Le lendemain matin, à 7 heures, je suis à l’aéroport du Bourget pour y rencontrer M. Usher Assouan, ministre des Affaires étrangères. Il arrive d’Abidjan, convoqué par le président Houphouët-Boigny. Je lui fais part de la déclaration de la veille au soir du président nigérien et des implications religieuses mises en relief par M. Maï Maïgana. M. Usher Assouan, lui aussi, semble ignorer le dessein du chef de l’État ivoirien. Il ne croit pas, me dit-il, que le président Houphouët-Boigny ira jusqu’à la reconnaissance, car « ce serait trop dangereux » pour tous les pays africains.
Deux jours plus tard, le ministre ivoirien rentrera à Abidjan sans avoir rencontré le président Houphouët. Et le 2 mai, il sera amené à changer d’attitude et à prendre publiquement position, dans le quotidien abidjanais, en faveur du Biafra.

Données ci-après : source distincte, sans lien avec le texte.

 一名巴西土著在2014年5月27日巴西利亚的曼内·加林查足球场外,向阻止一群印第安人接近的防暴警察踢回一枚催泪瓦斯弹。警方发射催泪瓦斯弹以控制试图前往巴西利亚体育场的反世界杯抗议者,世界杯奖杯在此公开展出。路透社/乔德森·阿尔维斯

Rentré de Suisse à Paris le 3 mai, le président Houphouët-Boigny me reçoit le lendemain à sa villa de Marnes-la-Coquette. Sachant que le ministre n’a pu voir le Président, je veux l’informer des réserves de M. Hamani Diori, mettre en relief l’isolement de la Côte d’Ivoire et tenter de freiner le processus de reconnaissance du Biafra.

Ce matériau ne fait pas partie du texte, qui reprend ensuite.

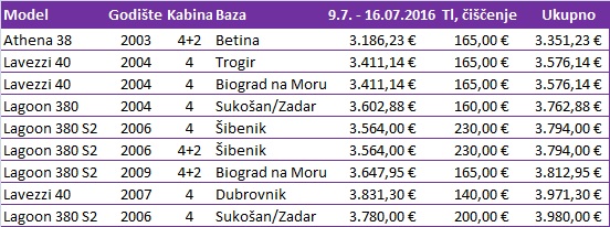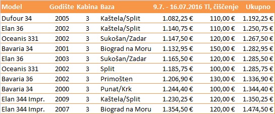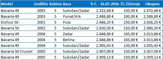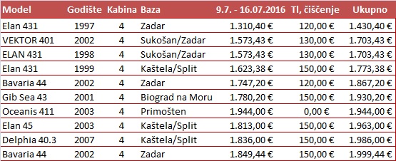 Odabrano je 10 brodova u 5 kategorija za termin 09-16/07/16 - ukupno 50 brodova.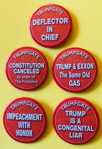 Title (ebay affiliate link): Five 2 1/4" Anti-Trump "Trumpgate" Political Pinback Buttons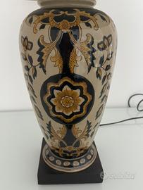Lume con base in ceramica. Funzionante. Sul retro il paralume presenta due macchie, come visibile in foto.

M. Houphouët-Boigny est pressé. Il me dit : "Je dois recevoir Foccart à 11 heures à Georges Mandel", son appartement de Paris.

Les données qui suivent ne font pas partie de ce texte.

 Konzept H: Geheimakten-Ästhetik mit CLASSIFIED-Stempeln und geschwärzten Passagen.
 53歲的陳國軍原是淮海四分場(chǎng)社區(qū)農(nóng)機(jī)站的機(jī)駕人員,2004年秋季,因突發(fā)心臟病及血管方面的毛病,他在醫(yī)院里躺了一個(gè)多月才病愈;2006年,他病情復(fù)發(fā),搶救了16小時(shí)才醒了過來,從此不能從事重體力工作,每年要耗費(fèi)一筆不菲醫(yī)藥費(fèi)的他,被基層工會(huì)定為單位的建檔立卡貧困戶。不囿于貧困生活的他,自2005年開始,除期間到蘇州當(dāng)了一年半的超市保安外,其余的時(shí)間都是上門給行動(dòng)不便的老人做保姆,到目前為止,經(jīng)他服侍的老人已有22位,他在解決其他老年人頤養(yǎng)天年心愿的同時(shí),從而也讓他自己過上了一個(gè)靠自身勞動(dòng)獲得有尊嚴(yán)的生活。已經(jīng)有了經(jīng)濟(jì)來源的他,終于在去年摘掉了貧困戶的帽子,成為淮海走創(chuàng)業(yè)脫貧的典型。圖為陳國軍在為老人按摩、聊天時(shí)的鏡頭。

A peine ai-je commencé à exposer mon opinion et pour la première fois depuis ma nomination auprès de lui comme conseiller, je suis ahuri de le voir exploser de colère. Il ne veut rien entendre. Non, on ne lui fera pas changer d’avis. Il en a assez des critiques. Personne ne comprend la situation. Il sait ce qu’il fait. Il n’a pas besoin de censeurs. Il y a des choses plus importantes que le Conseil de l’Entente. L’O.U.A. est impuissante.
Je n’arrive pas à placer un mot. Le Président ne décolère pas en mettant son pardessus. Il continue de crier en descendant au sous-sol pour monter en voiture. Il rouvre même la portière pour lancer d’autres arguments.